Папа брал топор или нож и уходил вверх или вниз по Солнечной улице, а я шёл к соседу Лёхе играть в «Денди».
Лёхе нравилась моя серьга, он сам мне в этом признался, очевидно, зная, что больше меня никогда не увидит. В безумном приступе откровенности он сказал, что хотел бы проколоть ухо, но в деревне этого не поймут, а ещё он иногда дрочит.
– Знаешь, что такое дрочить? – спросил Леха.
– Ну, да. Онанизм.
– Нет, это когда хуй теребишь.
– Да я понял, понял.
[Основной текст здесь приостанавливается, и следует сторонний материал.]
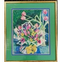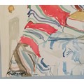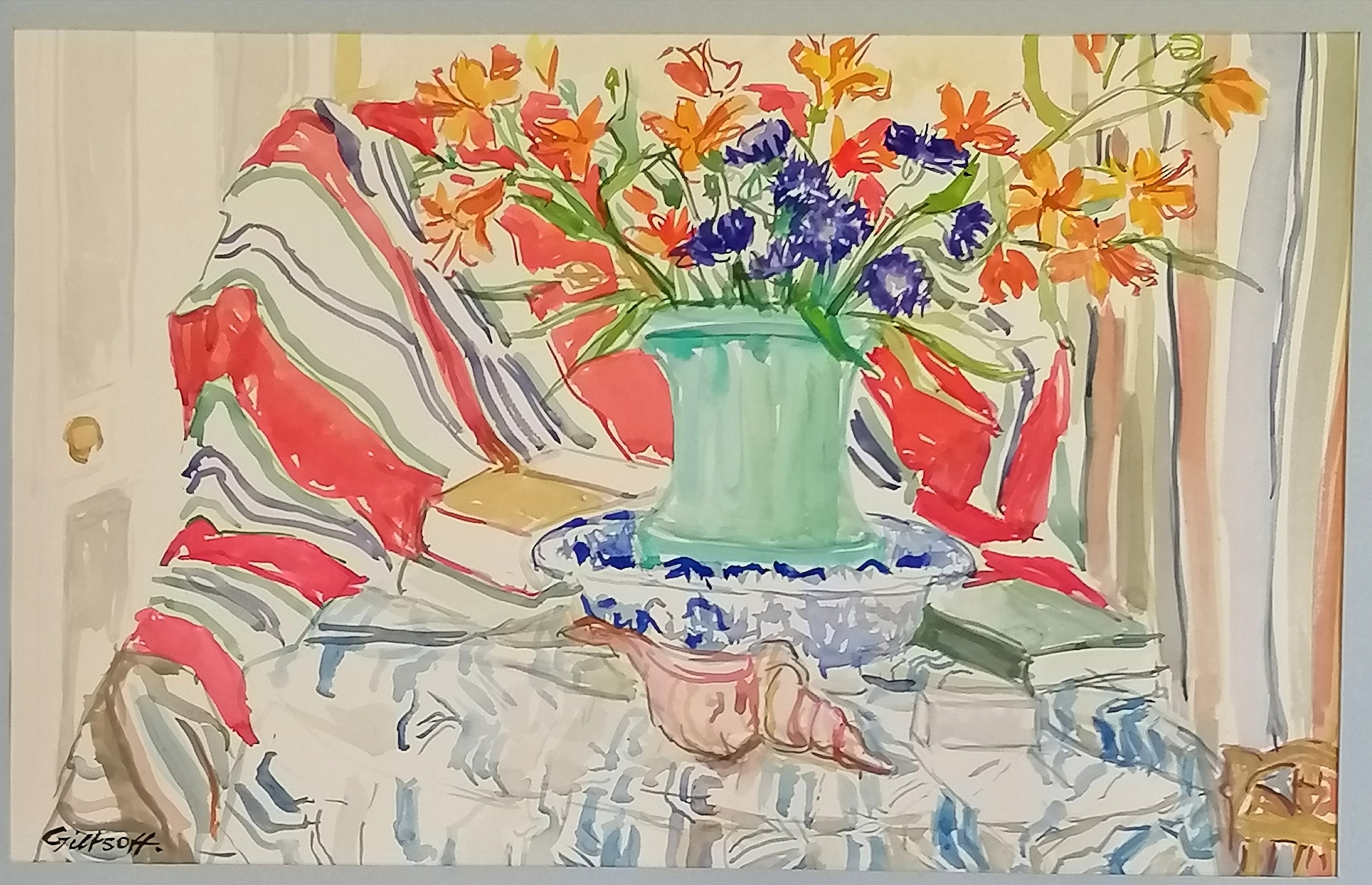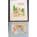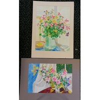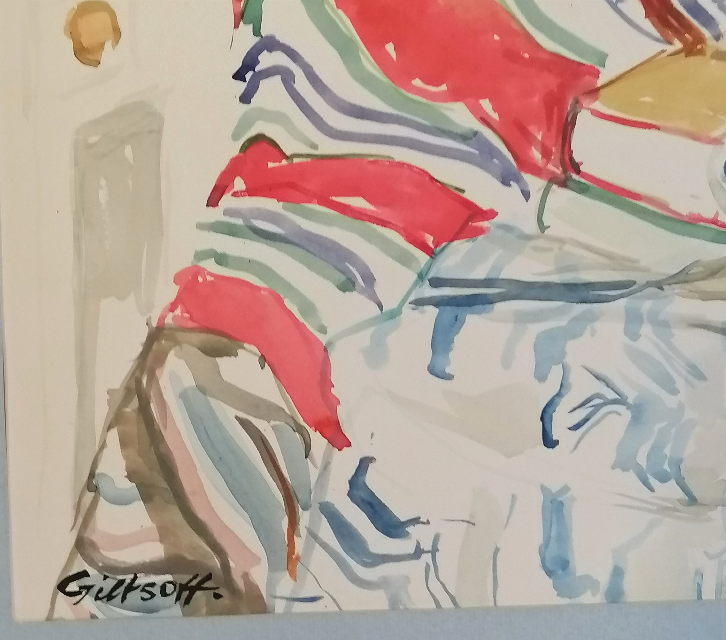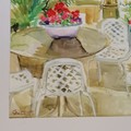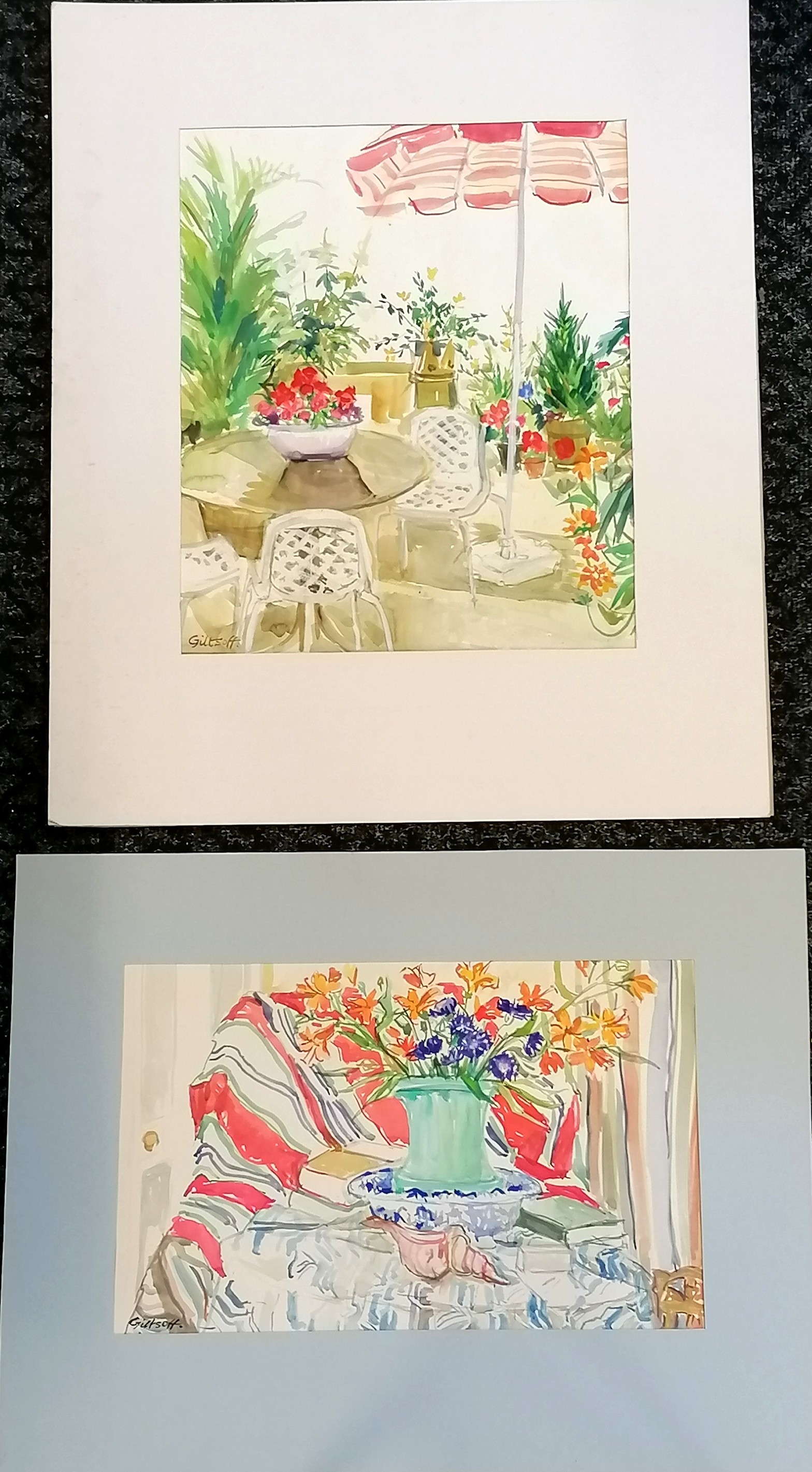 2 mounted contemporary watercolours of a garden table and chairs 80cm x 67cm and vase with striped fabric signed Giltsoff by Natalie Giltsoff
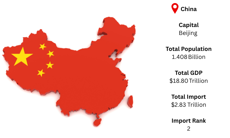 China is the most populous and second-largest economy in the world, and it is located in East Asia. Beijing serves as its capital. China is one of the world's biggest importers thanks to its extensive industrial base, export-driven manufacturing sectors, and expanding middle class. Based on China import data, China was the world's second-largest importer in 2024, with imports totaling USD 2.83 trillion.
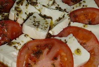 En un cuenco pequeño ponemos un poco de aceite y echamos una cucharadita de moka de orégano seco y sal. Movemos bien con una cucharilla y lo dejamos un rato macerar. A la hora de tomar la ensalada cortamos el tomate en rodajas muy finas y el queso también en lonchas. En cada plato alternamos rodajas de tomate y de queso y vertemos por encima el macerado de aceite con orégano que teníamos macerando.
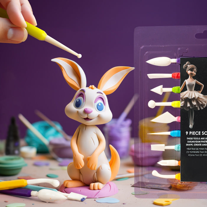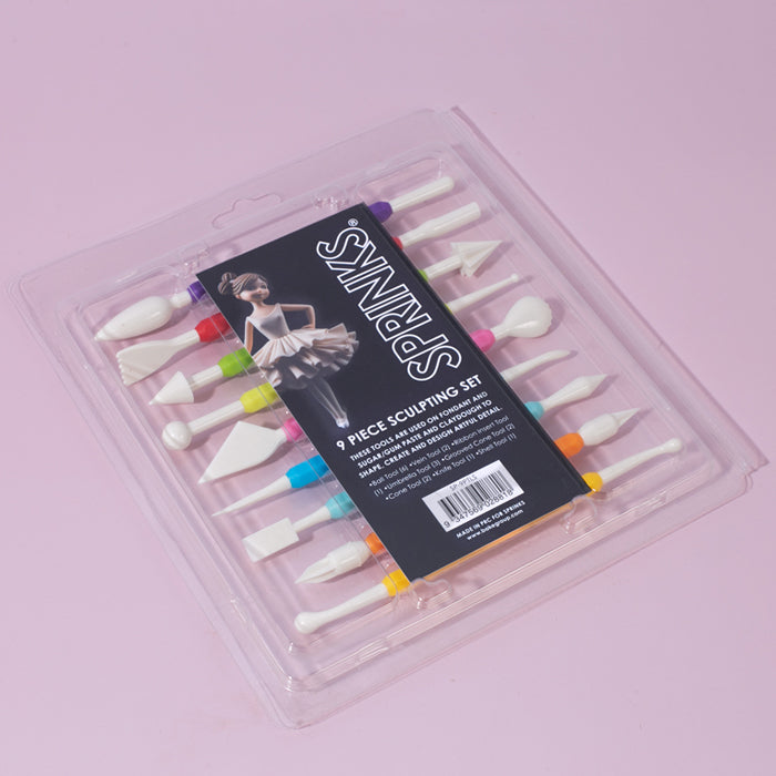 This Sprinks double-sided 9-piece modeling tool set for sugar craft is a comprehensive kit designed to assist cake decorators, sugar artists, and bakers in creating intricate and delicate designs using sugarpaste, fondant, gum paste, and other edible mediums. Each tool in the set serves a specific purpose, allowing for precise shaping, detailing, and sculpting of sugarcraft creations.
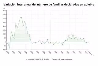 Las familias que se declararon en concurso de acreedores (suspensión de pagos y quiebras) ante la imposibilidad de afrontar sus pagos y deudas bajaron un 0,5% en el tercer trimestre del año en relación al mismo periodo de 2018, hasta sumar 421, con lo que acumulan ya cinco trimestres a la baja.
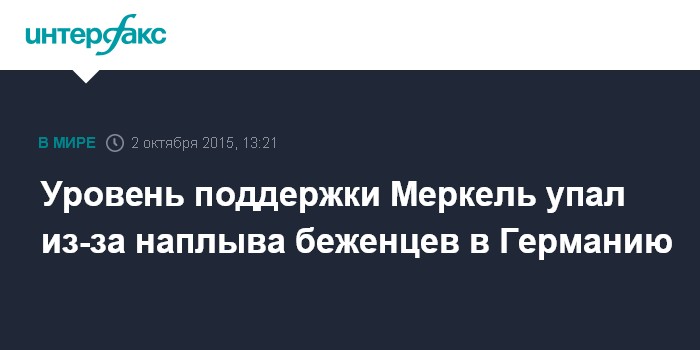 Москва. 2 октября. INTERFAX.RU - Все больше немцев обеспокоены рекордным наплывом мигрантов в страну, из-за этой проблемы падает уровень поддержки канцлера ФРГ Ангелы Меркель, свидетельствуют опубликованные в пятницу результаты проведенного телерадиокомпанией ARD опроса.
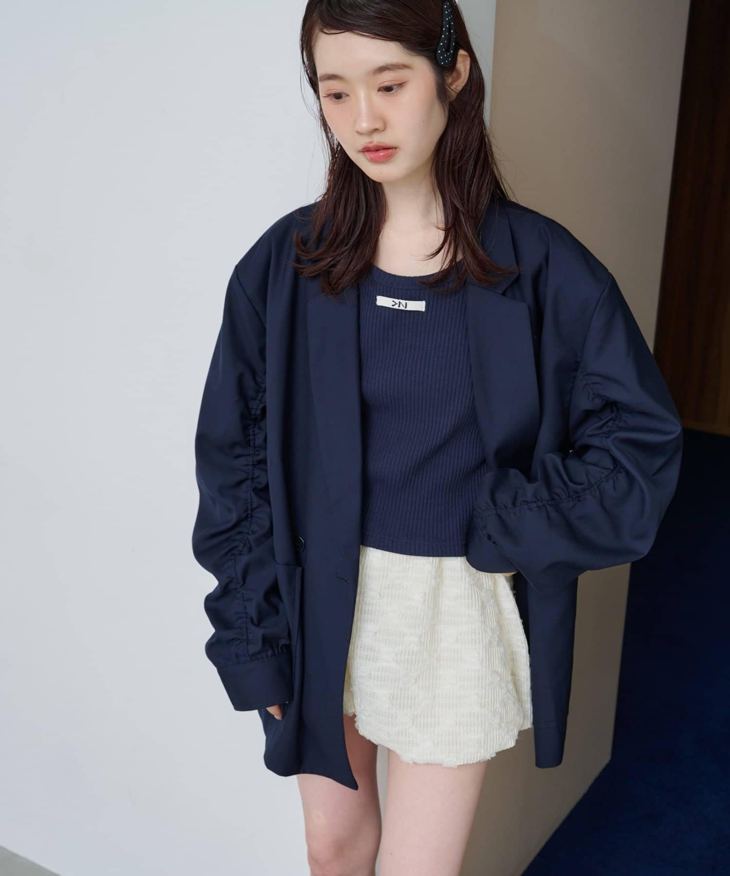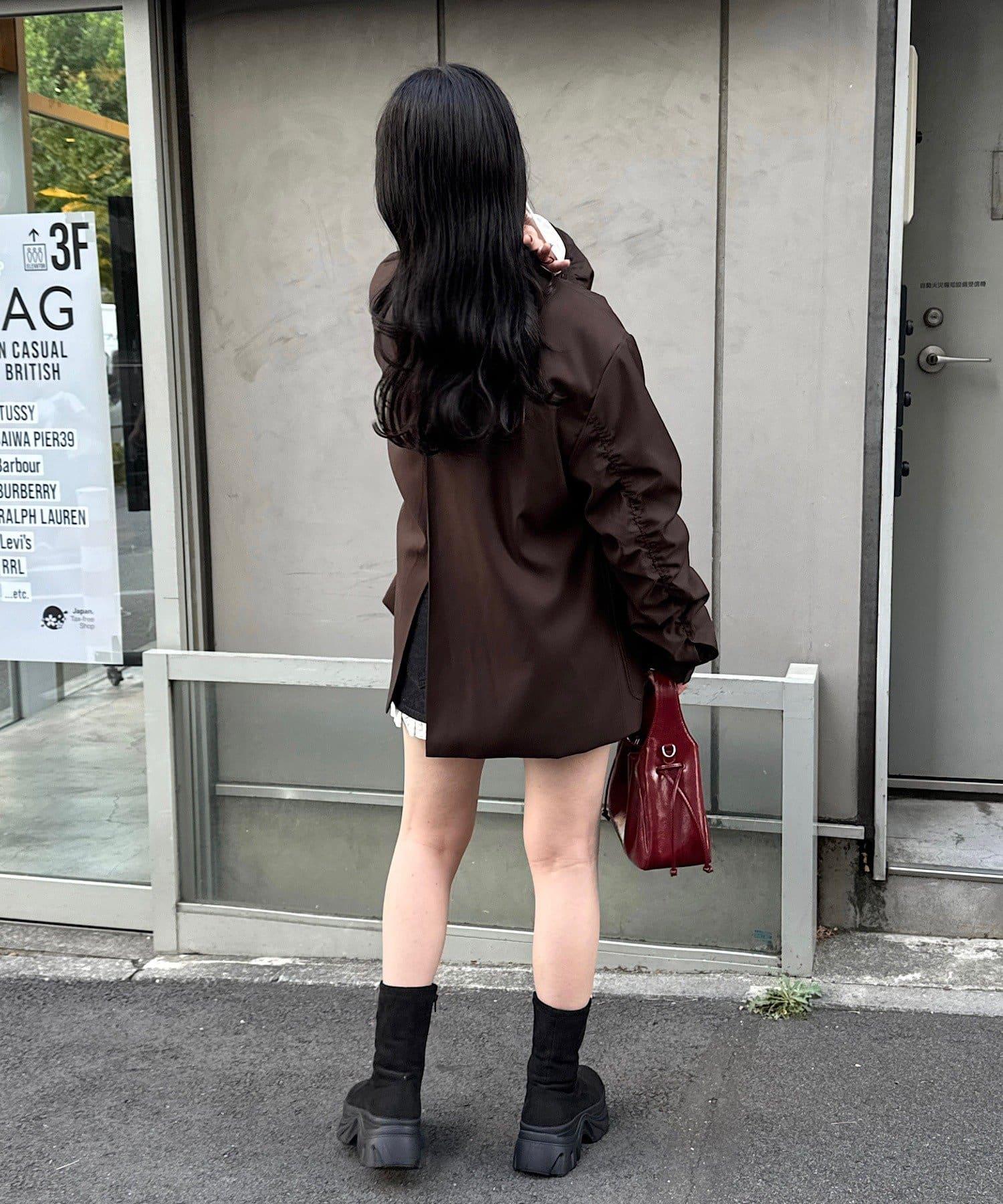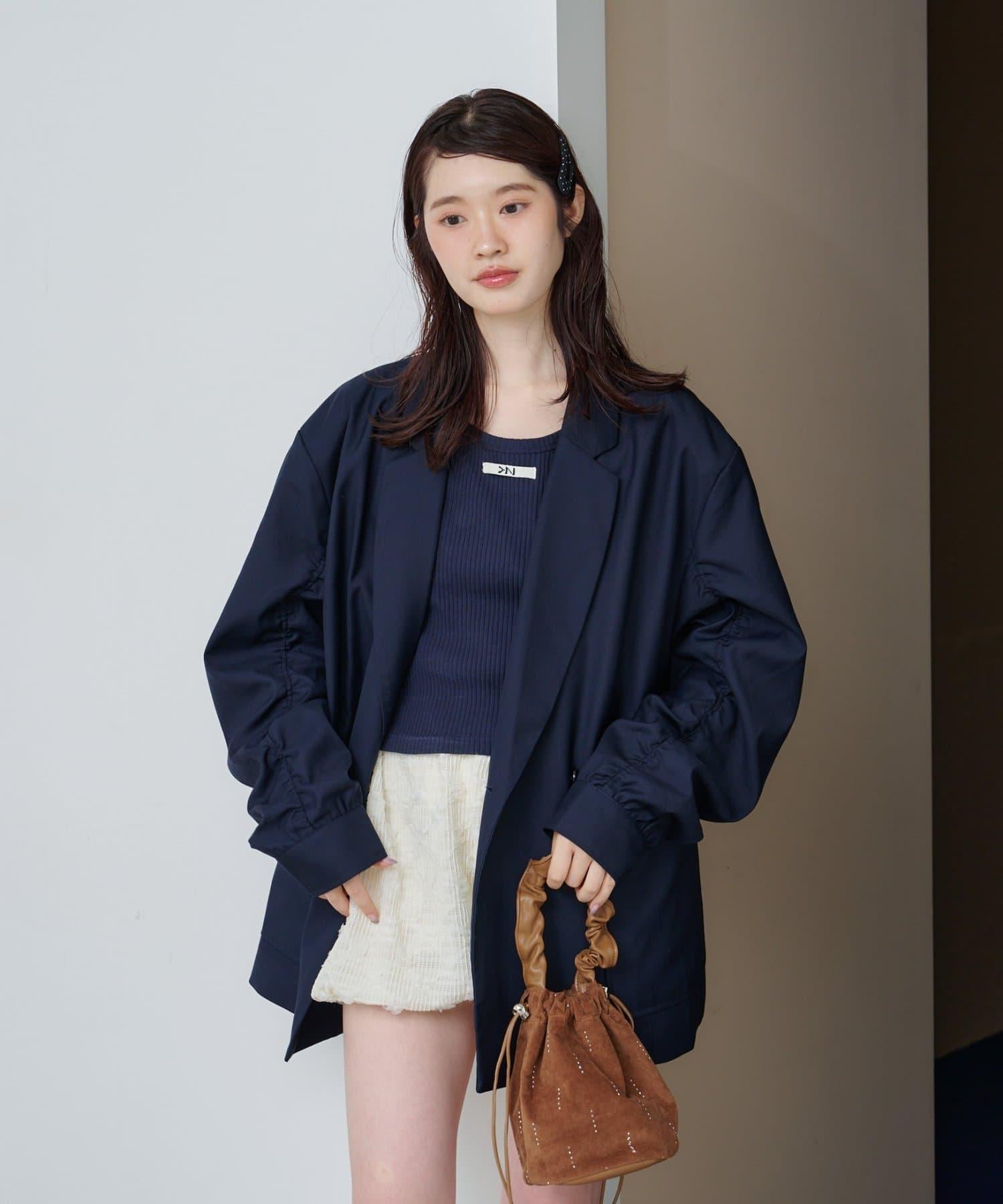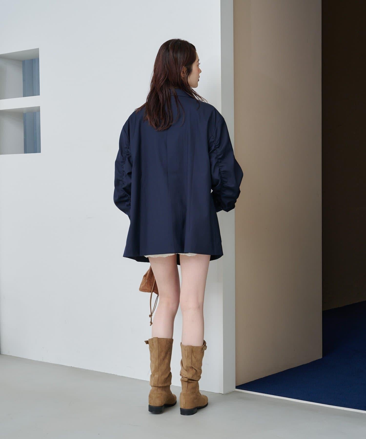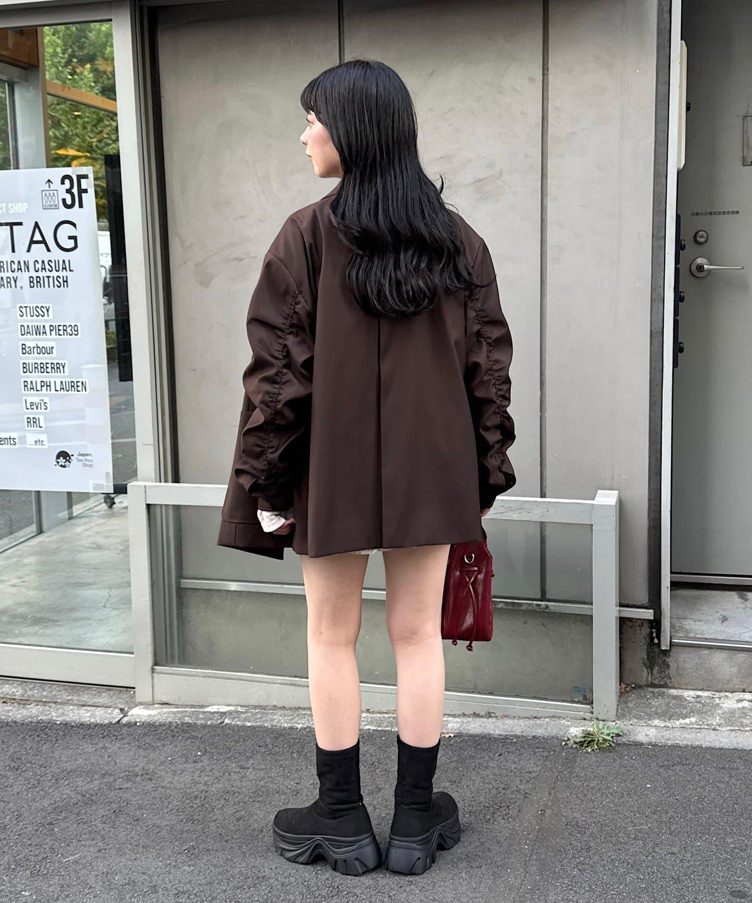 袖子上的聚攏細節十分搶眼,使這款夾克成為全場的焦點。

Я тоже так делаю.
Среди моих друзей эта тема не была запретной.
Мы даже, кажется, хвастались своими рекордами по количеству подходов за день. Однако для Лёхи моя взаимная откровенность, которая далась мне безо всякого труда, стала по-настоящему радостным событием, и он до конца моего пребывания в Мохово делился со мной своими секретами. Большинство из них касались онанизма.
Отец со мной был менее откровенным, чем Лёха. Собственно, мы ни разу не пообщались с ним, как отец с сыном. Закрывать порезы после бритья туалетной бумагой меня научил Гомер Симпсон.
Отец не научил ничему.
Сейчас, когда я стал таким же, как он, и внешне и, как мне кажется, внутренне, мне его жаль. Он переехал из глухой сибирской деревни в самый центр мира – почти в Ленинград. Он очень гордился этим. Я помню его постоянную песню: «Сам себя считаю городским теперь я, здесь моя работа, здесь мои друзья. Но ночами часто снится мне деревня». Ничего ему не снилось, забыл он ту деревню, как страшный сон. У него родился сын. Узнав это, он от радости разломал телефонную будку и просидел несколько часов в КПЗ, пока его не отпустили растроганные мусора. Говорят, был хорошим строителем, каким-то начальником, мама до сих пор живёт в доме, который он построил. Ну и, конечно, посадил дерево перед домом. Клён.